ADHD, No Two Alike
I write a lot about what it is like to have ADHD. And I get a lot of feedback about how appreciative others are to find out that they aren’t alone in many things.
I like that. It always makes me happy when I’ve made someone feel less alone. And those are their words, not mine, they feel less alone because they thought they were the only one who felt like that.
But for all our commonalities, we have many differences.
Why is that?
Why not? For starters, ADHD is a result of different cerebral development. It does not follow a pattern set in stone. It is, for want of a better term, a deviation, and therefore is not controlled.
So how could our ADHD be identical?
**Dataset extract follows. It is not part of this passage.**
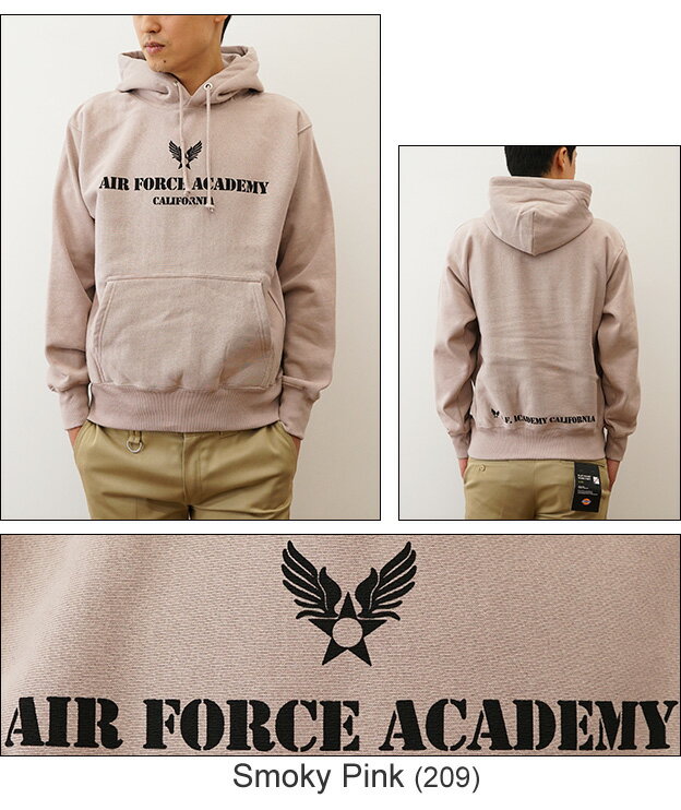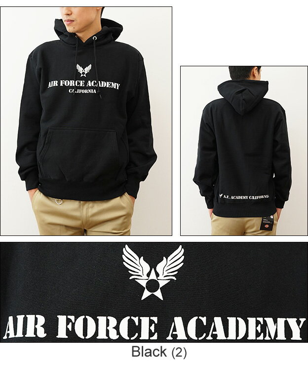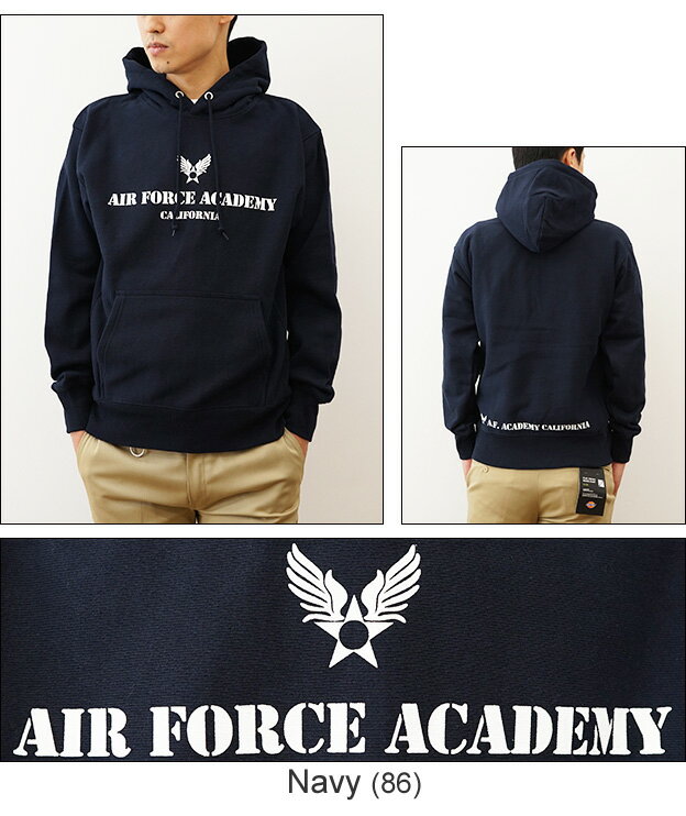 (12ozプルパーカ)『Air Force Academy』 オリジナル エアフォース ミリタリー プリント プルオーバー パーカー 長袖 ヘビーウエイト スウェット メンズ レディース 大きいサイズ ビッグサイズ対応 厚手 裏起毛 リバースウィーブ スエット アメリカ空軍 米軍 【12PP-AFACA】

It couldn’t.
And on top of that …
Since no two randomly chosen humans are identical, and since ADHD is an integral part of our makeup, it must affect us each differently, causing any two of us to be about as alike as a pod of peas and a grenade launcher.
And our self expectations and the environment in which we develop add to who we are and how we are different.
I drink coffee
I do. Coffee is my stimulant medication of choice. It works well, and I have it as a habit, so it’s easy to remember to get another cup when the last one starts to wear off.
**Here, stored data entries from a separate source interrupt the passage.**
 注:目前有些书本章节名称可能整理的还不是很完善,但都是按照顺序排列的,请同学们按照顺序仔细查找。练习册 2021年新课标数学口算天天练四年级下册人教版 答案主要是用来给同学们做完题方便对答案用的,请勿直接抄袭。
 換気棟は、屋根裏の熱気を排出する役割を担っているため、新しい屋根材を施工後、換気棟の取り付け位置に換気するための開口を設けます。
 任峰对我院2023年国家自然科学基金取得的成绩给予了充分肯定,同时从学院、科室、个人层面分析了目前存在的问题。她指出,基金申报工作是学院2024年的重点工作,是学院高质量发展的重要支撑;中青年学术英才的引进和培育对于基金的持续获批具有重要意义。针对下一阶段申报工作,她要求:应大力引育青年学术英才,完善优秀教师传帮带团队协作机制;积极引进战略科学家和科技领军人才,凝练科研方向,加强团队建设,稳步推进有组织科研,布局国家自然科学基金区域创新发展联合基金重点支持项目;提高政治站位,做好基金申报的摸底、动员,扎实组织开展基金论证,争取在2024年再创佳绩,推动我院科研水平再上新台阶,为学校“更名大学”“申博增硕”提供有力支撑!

Additionally, if I don’t drink enough, I get quite a headache. It’s rather convenient …. okay, yes, I’m addicted to the stuff. But it’s a pretty mild substance to be abusing I think.
But others don’t!
I have a friend in St. Johns Newfoundland named Brett Thornhill. He’s an ADHD coach and he tells me he never drinks coffee unless he needs to keep awake. His stimulant is prescribed, like mine used to be before the nasty side effects incident.
And if I had a choice, I’d prefer to do it his way, and if anyone asks me about prescribed stimulant medication my answer is still, “Why wouldn’t you take every opportunity to be the best you you could be, within the confines of legal and medically approved treatments? At the very least, why wouldn’t you try those treatments that are available to see if they will help.”
How do I feel about that?
In a conversation with a friend, I was asked if I was jealous of people who could use methylphenidate without issue, or if I pitied those who needed meds to be their best.
And my answer came quickly and with decisive clarity.
We each get what we get, we are who we are, and we deal accordingly.
Maybe many of us could deal with our issues better, but we’re all learning and we’re all getting better at being ourselves.
So, different is how we must remain
The reason I don’t often recommend books on ADHD because, quite frankly, you can’t write a manual on a bunch of “one-of-a-kind” machines. (More on that in an upcoming post.)
So my advice to you is to keep finding those who are like you, keep finding that support. But at the same time, revel in your uniqueness, celebrate your individuality, and be the person you were meant to be.
Personally, I was meant to be bold and loud and joyous. And I’m celebrating that as much as possible.